INJURIES AND/OR DAMAGES ALLEGED: Facial bruising, abrasions and laceration, corneal abrasion, concussion, post-concussive syndrome, depression, anxiety, PTSD, headaches, tinnitus, panic attacks, and ED.  Plaintiff also claimed to have wage loss from missed work as well as diminished earning capacity because of his inability to continue a career in the Air force.

SPECIALS: $24,000 in medical expenses, $1,700 in past wage loss and an estimated $750,000 in future income loss.

FINAL DEMAND BEFORE TRIAL: $395,000
FINAL OFFER BEFORE TRIAL: Statutory offer of $65,000.01

PLAINTIFF’S EXPERT WITNESSES:  Laur M. Birlea, M.D.
DEFENDANT’S EXPERT WITNESSES: None.

VERDICT: For the defendant on the Plaintiff’s claims of battery and outrageous conduct.

OTHER COMMENTS: The Court excluded evidence of diagnoseable mental health conditions and treatment, as well as evidence of diminished earning capacity as a sanction for discovery violations.  The Court also limited the testimony of Plaintiff’s physicians based upon inadequate disclosures.  Defendant is seeking costs, as well as an award of attorney’s fees for discovery violations.

September

On September 14, 2017, The Colorado Court of Appeals affirmed the directed verdict for the defendant obtained by attorneys Frank Patterson and Hillary Patterson  in the case of My Roofer, Inc. v.
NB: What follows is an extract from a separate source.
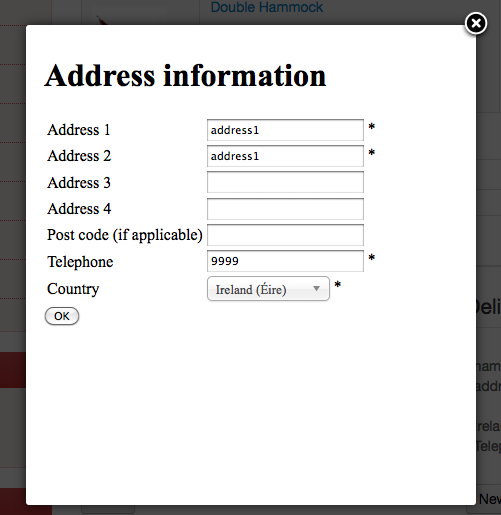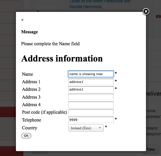Beforehand I had a Pop up as an address selector, but in the pop up the first field: "name" was missing, and the warning: "Please complete the Name field" showed up along with the name field and when you add it there it applies changes (all steps attached). Again both addresses change simultaneously.

State Farm Fire & Casualty Company (16CA1478; Weld County District Court, 2015CV30425). In an unpublished opinion, the court of appeals ruled that decking damaged by the separate, nonfortuitous loss of ‘wear, tear, and deterioration’ was not covered by the OL (Ordinance and Law) endorsement of the State Farm policy.  The court also ruled the pre-existing damaged decking did not constitute ‘undamaged’ property under the terms of the policy for purposes of coverage under the OL endorsement.  Finally, the court ruled that My Roofer failed to preserve the issue of whether the Loss Settlement section of the policy required coverage for the decking under a theory that decking is an inseparable component of a roof assembly or a roof system. The court declined to rule on the unpreserved issue as the new legal theory was not unequivocally correct.  Oral arguments were presented on September 6, 2017.